The color scheme is so far off I'm having trouble seeing this as Blurr. We
have been trained to see new color schemes on body styles as new
characters, and characters upgrading their basic body but not their color
scheme.
This just isn't Blurr. He's as much Blurr as the Springer with Kup's color
scheme in the Season 3 opening is either Kup or Springer. He's like an
animation mistake, but in toy form.
I've decided that he is Bargle, a fast talking public defender in the
Quintesson court, who has a remarkable record of having gotten over 80% of
his clients declared innocent, often by just overwhelming the Quintesson
Judges with arguments. All of his clients were executed anyway, despite the
verdict. It's the principle of the thing, he rationalizes, and is mostly
content proving that the Quintessons have no legal shield for their crimes.
Also, he's a prisoner.
Bargle is armed with a finely honed sense of moral outrage, and a gun. The
gun doesn't work. Sensors on his head and behind his cockpit allow him to
detect injustice at a range of ten to twenty miles.
I expect the Quintessons behead him regularly, and that the head rolls off,
transforms into a robot, and walks back to the body.
My only question is whether he is real, or just a figment of Kup's
imagination.
(The name Blargle comes from Justice Scalia's phrase "legalistic argle
bargle", which I guess makes the Headmaster Argle)
> This is the new definitive Blurr toy as far as I'm concerned. I love
> that the shield is no longer such a fragility problem and I love the way
> the fenders lock in place. The functional cockpit window is great.
It's a moon roof. The driver inside has no forward facing windows, and is
either blind (like Justice) or relies upon sensors.
> The robot mode does need more paint, but at least Hasbro is cheaping out
> in ways that discerning consumers can correct (i.e., a fan can do some
> touch-ups with a bottle of Testors, but not much you can do for a
> cheaply-made toy manufactured from terrible plastic).
For the amount that they charge, and the size of the toys, they should be
doing more.
> HARDHEAD
>
>
> He's only got one green gun, rather than the dual guns carried by all the
> original Autobot Headmasters. The vehicle mode only has one place to
> attach it, so a second gun would only be useful for the robot mode.
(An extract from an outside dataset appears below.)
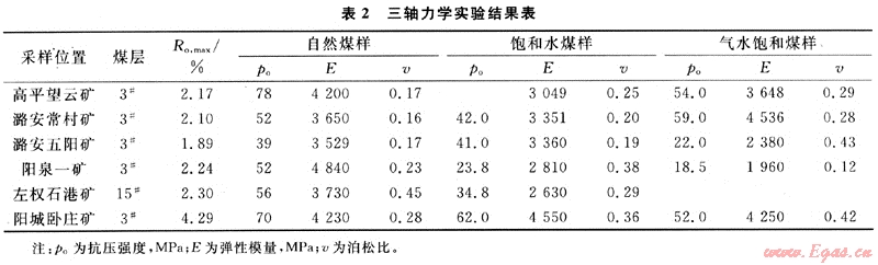 煤層氣開發(fā)均是在地下一定深度范圍內(nèi)進行,人們更為關(guān)心的是原地應(yīng)力條件下煤的力學(xué)性質(zhì),即飽和水、氣煤樣在圍限壓力下的力學(xué)行為和應(yīng)力-應(yīng)變關(guān)系所表現(xiàn)出的變形特征。在煤儲層所處地應(yīng)力環(huán)境下,隨著煤層氣的開采,圍壓的變化很小,可以視為不變。因此,實驗采用假三軸來進行樣品參數(shù)的實驗。

They could have added a peg hole.
>His large grey gun is mounted on a hinged panel and is detachable. The
> panel to which it's attached can slide out to the side for robot mode, to
> create clearance for his robot head.
I really like that he can have his cannon either pointing over his
shoulder, or pointing straight up. It just seems rude to walk around with a
gun pointed at people.
This is my favorite of the bunch.
> SKULLSMASHER
>
> It baffles me that somebody else, somewhere, is actually using the
> original name for Skullcruncher. I just can't imagine it being a useful
> and marketable name for, say, a golf club or a hiking backpack.
Baseball bat.
> SCOURGE
>
> As with Blurr, the last Scourge we got was pretty bad (his vehicle mode
> didn't look anything like the original Scourge), so I'm really happy that
> they came up with a more faithful version of him. There are a handful of
> design elements that are not my favorite, but this is definitely a more
> palatable version of him.
I don't love him.
> Like Blurr, he's extremely blue in robot mode. He's the same color from
> head to toe, with only his wings and the armor on the back of his legs
> providing any color contrast.
The legs almost look better backwards. He does manage to still resemble the
original character a bit more than Blurr/Bargle,mbut I think I prefer the
old kgenerations toy.
> His vehicle mode is clearly more directly inspired by the G1 design than
> the last version we got (that weird wing-shaped thing), but it's still a
> departure. The poky-out wings on either side seem so unnecessary. It's
> like Hasbro thinks kids won't accept that a hovercraft can fly if it
> doesn't have wings of some kind. Of course, the wings are so tiny I
> doubt they would help much.
Stabilizers.
>They would not be difficult for an enterprising fan to cut off, I suppose.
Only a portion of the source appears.